### What the task asks
Quote, exactly, the line holding "Пророчество святого Симеона" and all lines after it to the end of the records below. Exclude pictures.
:: Entries supplied ::
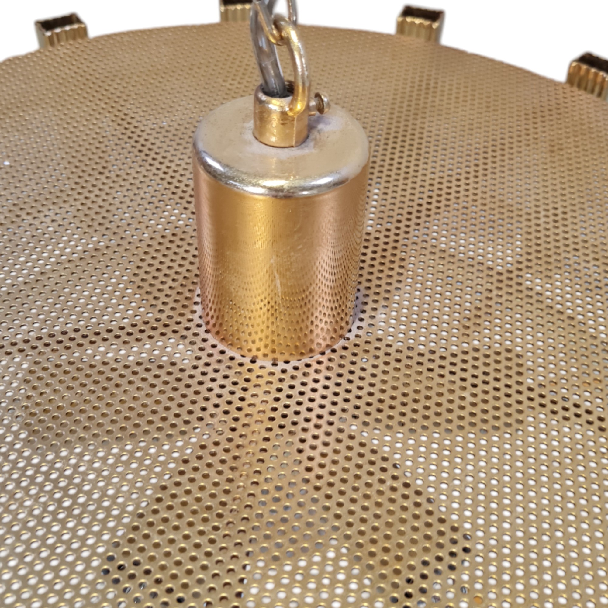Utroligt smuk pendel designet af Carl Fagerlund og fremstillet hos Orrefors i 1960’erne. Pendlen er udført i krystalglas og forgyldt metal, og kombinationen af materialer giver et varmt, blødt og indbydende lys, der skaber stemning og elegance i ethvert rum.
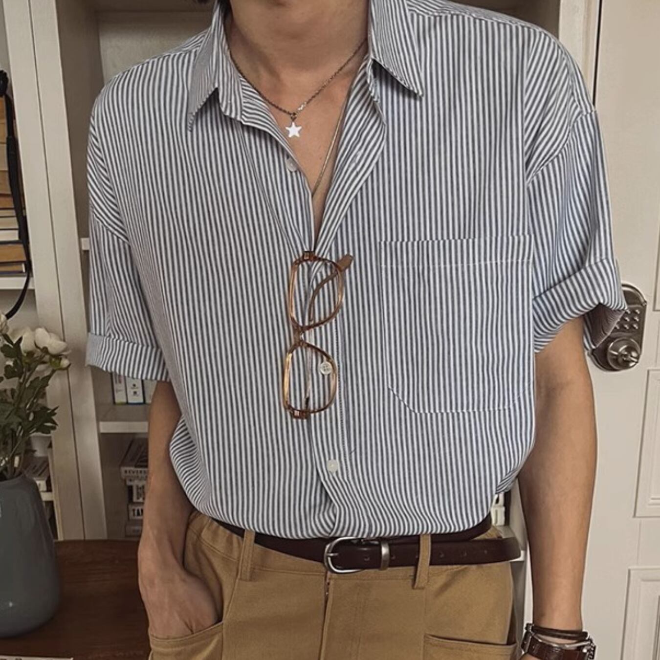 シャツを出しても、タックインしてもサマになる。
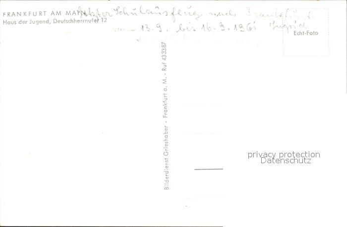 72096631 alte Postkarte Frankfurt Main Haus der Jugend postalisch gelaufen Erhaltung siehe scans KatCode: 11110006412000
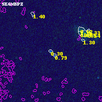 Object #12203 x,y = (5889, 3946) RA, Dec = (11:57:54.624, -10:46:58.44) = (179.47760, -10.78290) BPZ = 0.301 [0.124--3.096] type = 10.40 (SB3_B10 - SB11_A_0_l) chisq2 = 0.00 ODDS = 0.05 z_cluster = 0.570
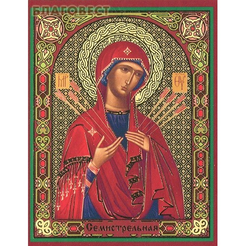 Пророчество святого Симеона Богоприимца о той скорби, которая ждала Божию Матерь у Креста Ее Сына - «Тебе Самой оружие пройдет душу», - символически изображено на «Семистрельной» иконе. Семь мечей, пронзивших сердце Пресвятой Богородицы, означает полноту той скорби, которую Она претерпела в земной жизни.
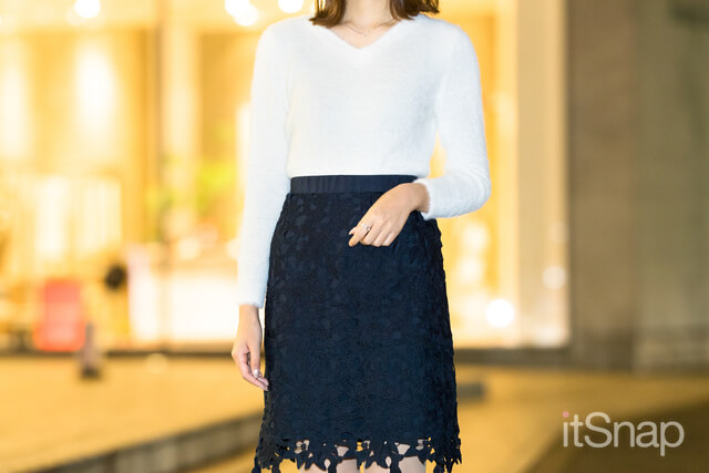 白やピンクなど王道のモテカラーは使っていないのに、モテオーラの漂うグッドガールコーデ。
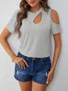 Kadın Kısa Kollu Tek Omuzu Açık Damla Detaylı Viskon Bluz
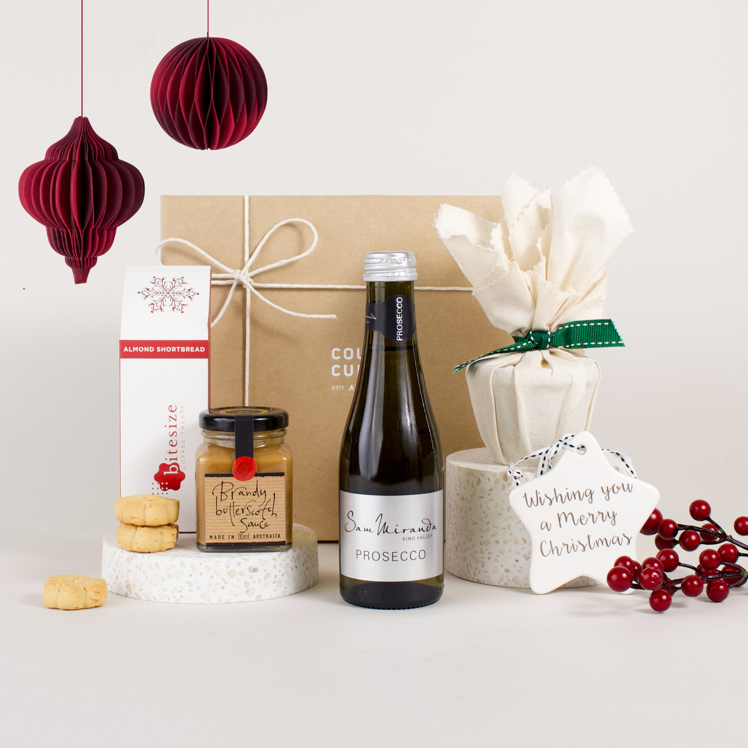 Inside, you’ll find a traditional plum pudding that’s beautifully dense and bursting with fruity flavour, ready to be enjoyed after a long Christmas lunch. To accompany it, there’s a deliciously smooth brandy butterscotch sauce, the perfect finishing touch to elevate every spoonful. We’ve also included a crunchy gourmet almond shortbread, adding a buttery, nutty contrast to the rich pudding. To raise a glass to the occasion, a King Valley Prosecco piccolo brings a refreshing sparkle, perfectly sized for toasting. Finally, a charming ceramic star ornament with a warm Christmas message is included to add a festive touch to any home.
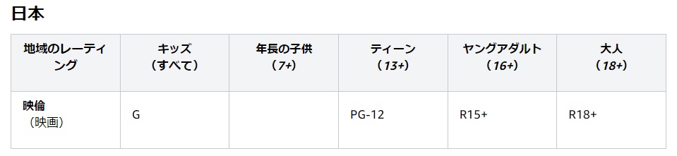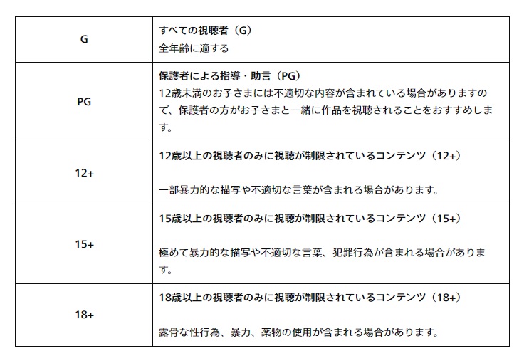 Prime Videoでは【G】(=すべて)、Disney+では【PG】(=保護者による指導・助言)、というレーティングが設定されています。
:::
### Solution below
 Пророчество святого Симеона Богоприимца о той скорби, которая ждала Божию Матерь у Креста Ее Сына - «Тебе Самой оружие пройдет душу», - символически изображено на «Семистрельной» иконе. Семь мечей, пронзивших сердце Пресвятой Богородицы, означает полноту той скорби, которую Она претерпела в земной жизни.
 白やピンクなど王道のモテカラーは使っていないのに、モテオーラの漂うグッドガールコーデ。
 Kadın Kısa Kollu Tek Omuzu Açık Damla Detaylı Viskon Bluz
 Inside, you’ll find a traditional plum pudding that’s beautifully dense and bursting with fruity flavour, ready to be enjoyed after a long Christmas lunch. To accompany it, there’s a deliciously smooth brandy butterscotch sauce, the perfect finishing touch to elevate every spoonful. We’ve also included a crunchy gourmet almond shortbread, adding a buttery, nutty contrast to the rich pudding. To raise a glass to the occasion, a King Valley Prosecco piccolo brings a refreshing sparkle, perfectly sized for toasting. Finally, a charming ceramic star ornament with a warm Christmas message is included to add a festive touch to any home.
 Prime Videoでは【G】(=すべて)、Disney+では【PG】(=保護者による指導・助言)、というレーティングが設定されています。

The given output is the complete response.